The mishnah opens with an anonymous statement regarding the requisite size for a moveable object to convey impurity, but Rabbi Tarfon knows of another tradition that appears to contradict the opening ruling, the accuracy of which he disputes. Rabbi Akiva, however, offers a legal resolution that allows Rabbi Tarfon’s and the anonymous traditions to peacefully coexist. The details of this legal dispute are of no concern for the present analysis: what is important is Rabbi Tarfon’s reference to the tradent of the opening extra-scriptural tradition as ha- shome a, “the hearer.” Taken on its own, the Hebrew ha- shome a could mean simply “whoever heard it.” However, the context strongly suggests a more precise, technical sense. After all, the authority of the legal tradition does not depend on some individual who happened to hear it, but on its reception by a recognized(though here anonymous) tradent. Rabbi Akiva confirms as much when he explicates the tradition so as to assure “that the words of the sages are sustained.” If so, Rabbi Tarfon’s reference to “the hearer” precisely parallels auditor / ἀκουστής in Papias; when Irenaeus and Jerome characterize Papias as the hearer of John, they appear to be identifying him as an (or the) authorized recipient of John’s extra-scriptural traditions.


Presbuteroi

Papias refers to elders, πρεσβύτεροι, in a number of fragments ...

... the term has an unmistakable oral-traditional sense in reports of the Pharisees and early rabbinic texts ... the Pharisees and scribes accuse Jesus of failing to uphold the extra-scriptural παράδοσις τῶν πρεσβυτέρων (Mark 7.1–23; Matt 15.1–20). While in rabbinic sources, m. Eruvin 3.4 transmits the following: “Rabbi Yose said: Abtolemos testified in the names of five elders (zeqenim) that a shared Sabbath space (eruv) whose status is in doubt is deemed valid." “Testify” is here, and throughout the Mishnah, a technical term for the transmission of an extra-scriptural tradition, and the Mishnah’s elders are its source. And elders also appear in m. Avot 1.1 (“Moses received torah from Sinai and passed it down to Joshua, and Joshua passed it down to the elders . . .”) as a link in the chain of oral law.


Hermēneutēs

Papias’s commitment to oral-traditional transmission also illuminates the statement in 3.15, cited above, that Mark was Peter’s ἑρμηνευτής. Translators have rendered this term either “translator” or “interpreter,” but neither is satisfactory ...

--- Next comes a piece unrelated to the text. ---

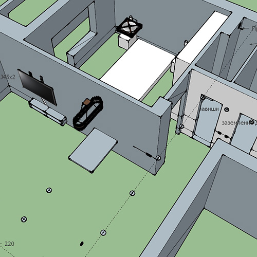 После подписания договора мы моделируем в 3D расположение всех элиментов электроснабжения и переносим их в виде разметки на реальный объект.

Ethelbert Stauffer’s argument that Papias’s ἑρμηνευτής is a Greek rendering of the Aramaic meturgeman represents a decisive step forward. Stauffer’s claim rests on a series of parallels he draws between Aramaic and Greek Bible translations or commentaries: “[Aaron] shall serve as a mouth for you” (Exod 4.16) is translated “serve as a turgeman” in Targum Neofiti, while Philo (Vit. Mos. 1.84) refers to him as his brother’s ἐρμηνεύς; the biblical hapax legomenon malîs in Genesis 42.23 (“[Joseph’s brother] did not know that Joseph understood them, since he spoke to them through a malîs”) is translated as meturgeman in Onqelos and again as ἐρμηνεύς in Philo (Jos. 175). Stauffer’s argument falters when he understands meturgeman as “translator,” a well-established meaning of ἐρμηνεύς, but one that leaves us in the same straits as before. But the term (or its Hebrew cognate) has another meaning in Tannaitic sources:

“So the Lord said to Moses, ‘Take Joshua son of Nun, a man in whom is the spirit, and lay your hand upon him’” (Num 27.18): He said to him,“Moses, give a turgeman to Joshua, who will ask and inquire and offer instruction during your lifetime, so that when you depart from this world Israel will not say, ‘during the lifetime of your master you did not speak but now you speak!’”
[Sifre Numbers §140]


Yadin-Israel provides a lot more commentary finishing, albeit conditionally, -

...If so, the terminological overlap Papias and the Tannaim reflects a profound similarity between the Expositions of the Sayings of the Lord and the Mishnah as two attempts at collecting and preserving the disparate components of various chains of formal controlled tradition—and marks Papias as the single most important precursor for the literary corpus that would come to define rabbinic Judaism.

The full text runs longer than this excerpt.